Comment en définitive mesure-t-on la performance d'un site ? Excellente question ! Il faut que le coût de la valeur ajoutée créée sur le site soit compétitif par rapport à d'autres sites. Fabriquer une automobile, c'est s'approvisionner en pièces, les frapper et les souder, peindre des caisses, assembler le tout, effectuer des tests qualité et certifier la qualité du produit final. Nous savons exactement, voiture par voiture, modèle par modèle, usine par usine quelle est la valeur ajoutée créée. Nous pouvons la rapporter au nombre d'heures nécessaire à la fabrication d'une voiture. Nous l'analysons sous l'angle de critères économiques et non économiques pour faire la part des choses entre l'efficience industrielle de l'usine et le coût du travail. Il faut que le coût de cette valeur ajoutée soit compétitif par rapport aux autres usines du groupe et par rapport à ce que nous savons de celles de nos concurrents.

Le deuxième critère c'est le « bon direct », c'est-à-dire le taux de voitures qui arrivent en bout de ligne sans aucun problème de qualité à corriger. Toute retouche qualité représente non seulement un coût supplémentaire mais présente aussi le risque de créer un nouveau problème en cherchant à en régler un autre. Le « bon direct » est la mesure de la rigueur, de l'efficience et de la qualité du management d'une usine.

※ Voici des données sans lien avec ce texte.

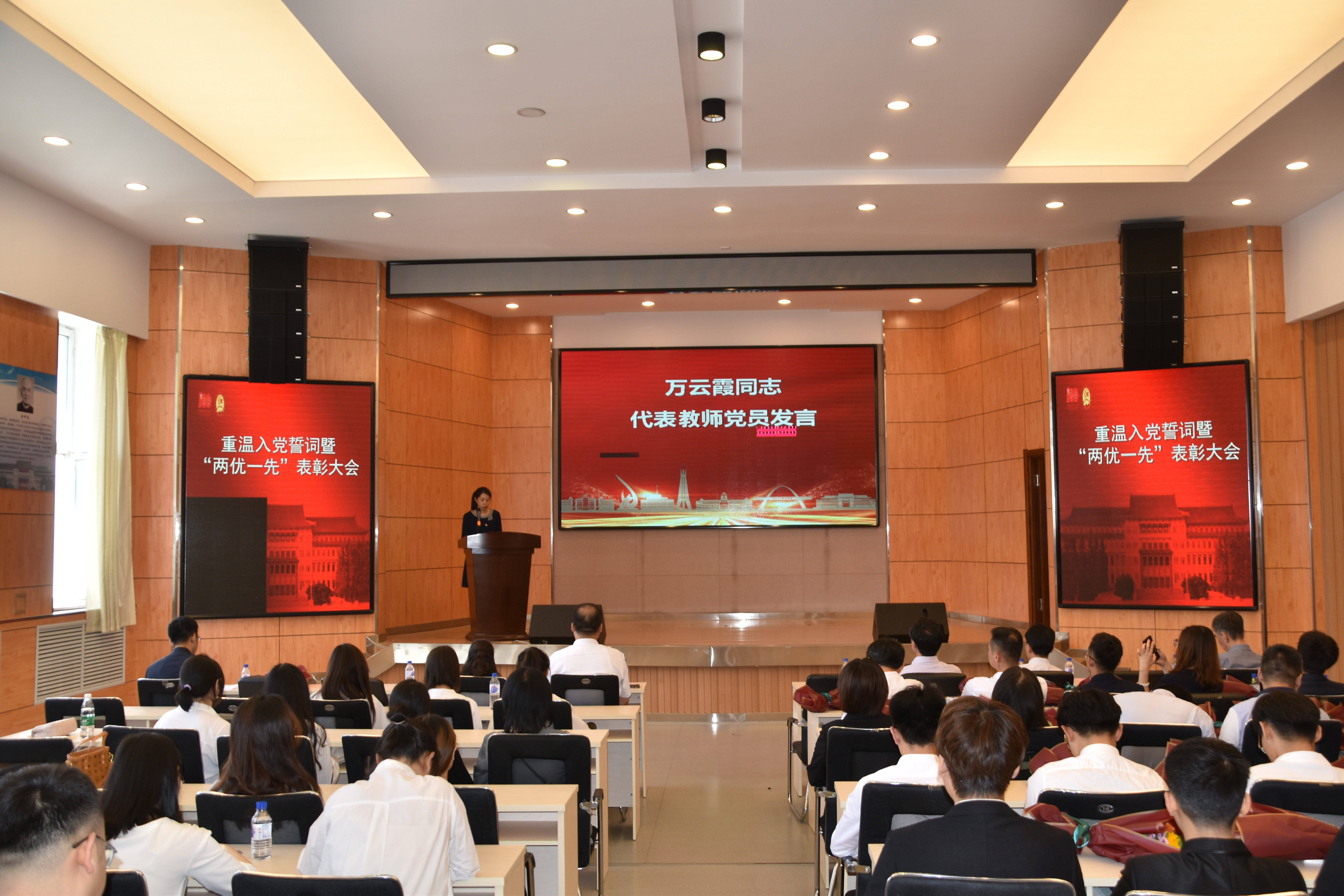 党委于2021年6月22日在朝阳校区图书馆报告厅举行重温入党誓词暨2021年“两优一先”表彰大会,学院全体党员参加大会,会议由 onlytik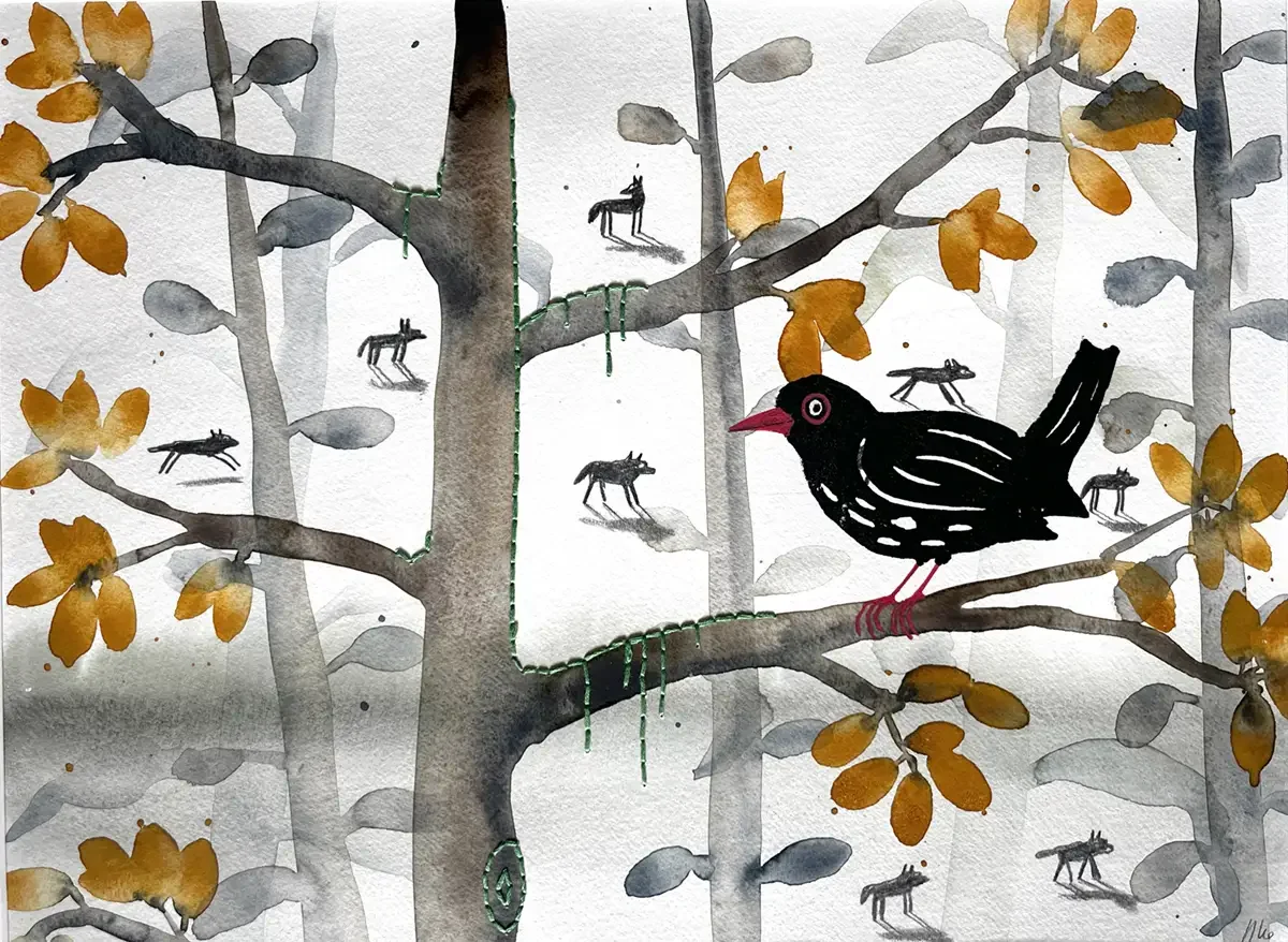 Blackbird and the Wolves. 30 x 40 cm. 2025. Watercolour, Pencil, Lino-print and Embroidery on Paper.

Le troisième critère est bien évidemment la qualité des produits provenant d'une usine donnée, telle que mesurée, non pas par nos techniciens mais par nos clients. La qualité des produits d'une usine est un facteur de différenciation très important.

Le dernier critère, économique également, réside dans la qualité des flux, la qualité de la logistique interne et la compacité. Aujourd'hui, nombre de nos usines datent d'il y a trente ou cinquante ans. Elles ont été construites à une époque où on valorisait ce qui était « gros », alors qu'aujourd'hui, ce qui est « gros » se révèle un handicap sur le plan de la consommation d'énergie, de la maintenance, de la gestion, de la protection du site, du coût de la logistique interne. La modernité en matière d'efficacité industrielle automobile, ce sont des sites très compacts, comportant une seule ligne, proche de l'approvisionnement, et où très peu de retouches qualité sont nécessaires. Une usine performante aujourd'hui, et ce sera encore plus vrai à l'avenir, est une usine compacte, monoflux, avec une plate-forme comportant plusieurs dérivés. C'est pourquoi, face à nos concurrents, nous devons moderniser notre appareil industriel.

Vous m'avez interrogé sur les deux roues et les trois roues. Il se trouve que je visitais hier Peugeot Scooter à Mandeure. Cette activité présente un intérêt stratégique. Les deux et trois roues offrent en effet en zone urbaine une solution de mobilité intéressante, une alternative à la voiture. Nous avons lancé il y a peu un excellent trois roues, Metropolis. Ces outils hyper-sophistiqués, désormais équipés d'un démarrage mains libres, d'un ABS… se sont grandement développés grâce à une importation intelligente de la technologie automobile et ont beaucoup progressé à son contact. Hélas, nous perdons aujourd'hui de l'argent sur ce secteur. C'est la raison de mon déplacement hier à Mandeure, pour aider les équipes à retrouver le chemin de la rentabilité. Nous vendons environ 60 000 véhicules par an. Nous pourrions en vendre davantage. Nous réalisons encore des pertes parce que notre système industriel et logistique non plus que la façon dont nous valorisons et distribuons ces véhicules ne sont pas optimaux. Il est possible de redresser Peugeot Scooter, et il y a un intérêt stratégique à le faire. Il semblerait qu'il n'y ait pas eu de visite de président du directoire à Mandeure depuis de nombreuses années. Je m'y suis donc rendu aussi pour encourager les équipes sur la voie du développement.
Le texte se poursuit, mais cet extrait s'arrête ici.